**Given entries**
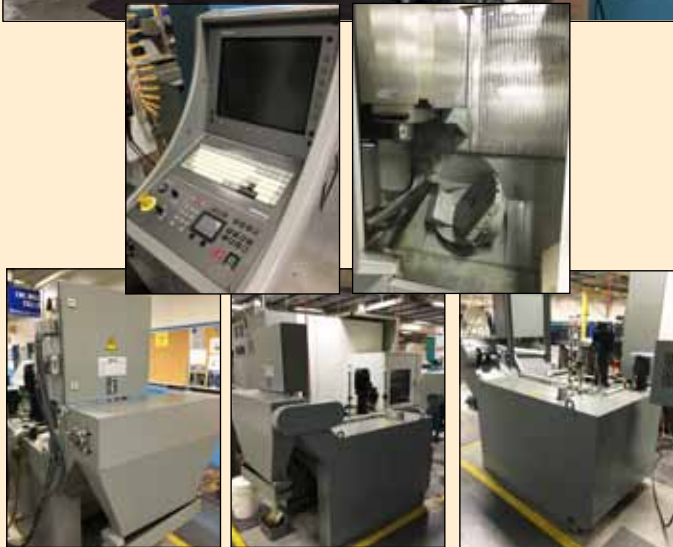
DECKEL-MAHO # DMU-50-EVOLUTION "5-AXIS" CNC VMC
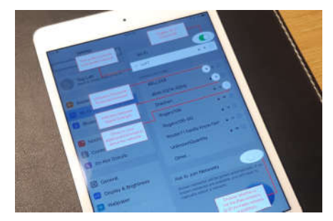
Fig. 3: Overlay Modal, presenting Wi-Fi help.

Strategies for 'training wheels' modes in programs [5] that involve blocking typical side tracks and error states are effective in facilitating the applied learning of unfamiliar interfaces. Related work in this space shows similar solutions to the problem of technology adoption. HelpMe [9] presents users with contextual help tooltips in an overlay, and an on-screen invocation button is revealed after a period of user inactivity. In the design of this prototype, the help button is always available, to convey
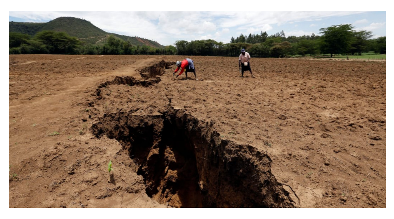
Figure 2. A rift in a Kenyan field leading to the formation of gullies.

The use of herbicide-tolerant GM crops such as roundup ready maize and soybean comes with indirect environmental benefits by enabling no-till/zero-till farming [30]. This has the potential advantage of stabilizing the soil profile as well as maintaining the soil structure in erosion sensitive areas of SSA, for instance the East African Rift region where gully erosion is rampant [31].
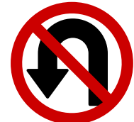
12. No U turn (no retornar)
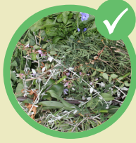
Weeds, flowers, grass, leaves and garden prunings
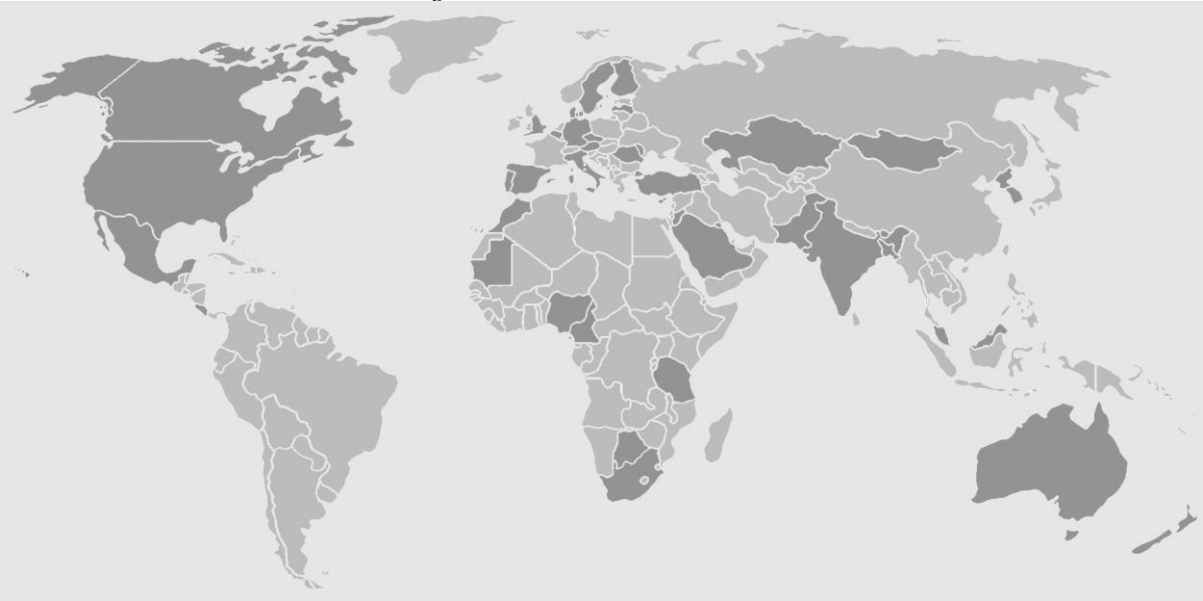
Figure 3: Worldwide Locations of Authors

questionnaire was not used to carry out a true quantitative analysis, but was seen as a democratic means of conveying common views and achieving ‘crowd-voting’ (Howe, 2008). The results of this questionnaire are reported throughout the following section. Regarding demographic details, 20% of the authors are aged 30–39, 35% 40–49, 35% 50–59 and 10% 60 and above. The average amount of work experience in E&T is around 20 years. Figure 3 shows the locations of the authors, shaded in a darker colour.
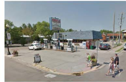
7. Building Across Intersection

==

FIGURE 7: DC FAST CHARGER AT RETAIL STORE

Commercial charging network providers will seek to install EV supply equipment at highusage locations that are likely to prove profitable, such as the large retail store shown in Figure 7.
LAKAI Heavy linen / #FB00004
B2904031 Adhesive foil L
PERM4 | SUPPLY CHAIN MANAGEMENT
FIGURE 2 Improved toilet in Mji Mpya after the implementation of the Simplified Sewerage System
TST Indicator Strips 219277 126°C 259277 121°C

...

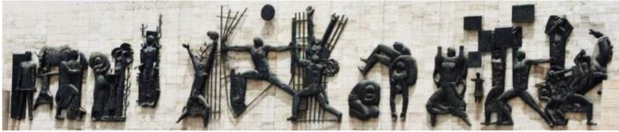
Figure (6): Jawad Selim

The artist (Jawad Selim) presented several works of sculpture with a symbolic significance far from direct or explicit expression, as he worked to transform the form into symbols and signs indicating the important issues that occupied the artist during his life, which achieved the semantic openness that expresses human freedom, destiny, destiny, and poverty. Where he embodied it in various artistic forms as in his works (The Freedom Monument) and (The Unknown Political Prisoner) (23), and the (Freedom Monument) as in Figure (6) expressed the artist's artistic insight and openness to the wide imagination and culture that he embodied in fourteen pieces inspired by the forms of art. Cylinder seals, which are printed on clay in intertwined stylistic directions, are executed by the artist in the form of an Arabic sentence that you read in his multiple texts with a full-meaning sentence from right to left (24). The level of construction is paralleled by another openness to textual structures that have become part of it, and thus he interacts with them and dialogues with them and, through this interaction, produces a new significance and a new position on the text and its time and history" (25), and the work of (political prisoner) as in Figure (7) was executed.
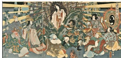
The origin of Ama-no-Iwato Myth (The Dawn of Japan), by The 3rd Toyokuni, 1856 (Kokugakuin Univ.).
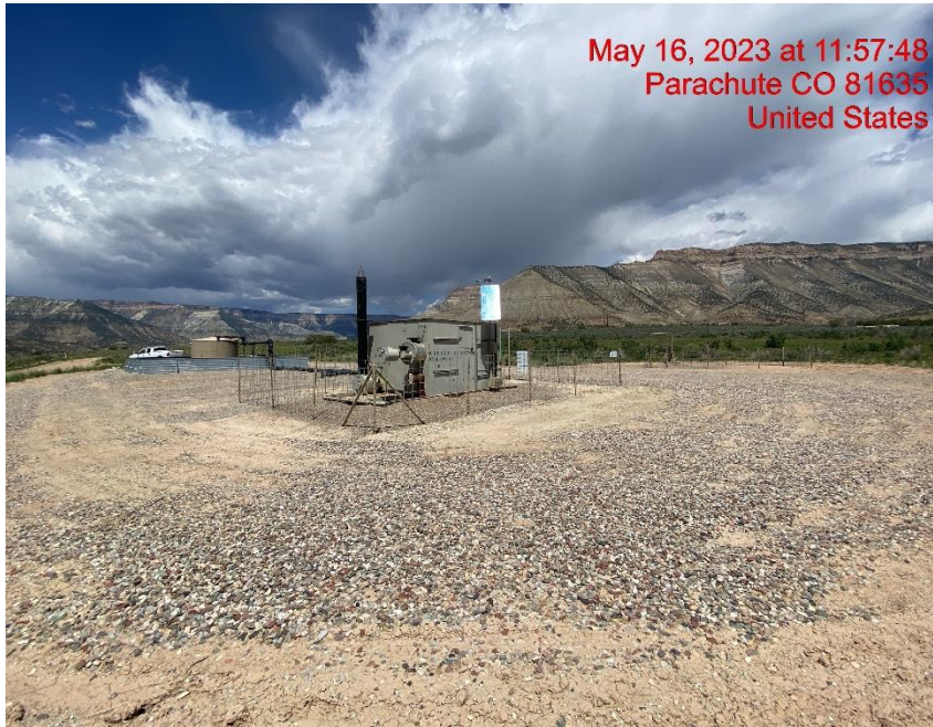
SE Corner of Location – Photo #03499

**Problem to work on**
From the data above, return exactly the lines from the one with "DECKEL-MAHO # DMU-50-EVOLUTION" up to and including the one with "7. Building Across Intersection". Pictures do not go in the copy.

**Worked solution**
DECKEL-MAHO # DMU-50-EVOLUTION "5-AXIS" CNC VMC
Fig. 3: Overlay Modal, presenting Wi-Fi help.

Strategies for 'training wheels' modes in programs [5] that involve blocking typical side tracks and error states are effective in facilitating the applied learning of unfamiliar interfaces. Related work in this space shows similar solutions to the problem of technology adoption. HelpMe [9] presents users with contextual help tooltips in an overlay, and an on-screen invocation button is revealed after a period of user inactivity. In the design of this prototype, the help button is always available, to convey
Figure 2. A rift in a Kenyan field leading to the formation of gullies.

The use of herbicide-tolerant GM crops such as roundup ready maize and soybean comes with indirect environmental benefits by enabling no-till/zero-till farming [30]. This has the potential advantage of stabilizing the soil profile as well as maintaining the soil structure in erosion sensitive areas of SSA, for instance the East African Rift region where gully erosion is rampant [31].
12. No U turn (no retornar)
Weeds, flowers, grass, leaves and garden prunings
Figure 3: Worldwide Locations of Authors

questionnaire was not used to carry out a true quantitative analysis, but was seen as a democratic means of conveying common views and achieving ‘crowd-voting’ (Howe, 2008). The results of this questionnaire are reported throughout the following section. Regarding demographic details, 20% of the authors are aged 30–39, 35% 40–49, 35% 50–59 and 10% 60 and above. The average amount of work experience in E&T is around 20 years. Figure 3 shows the locations of the authors, shaded in a darker colour.
7. Building Across Intersection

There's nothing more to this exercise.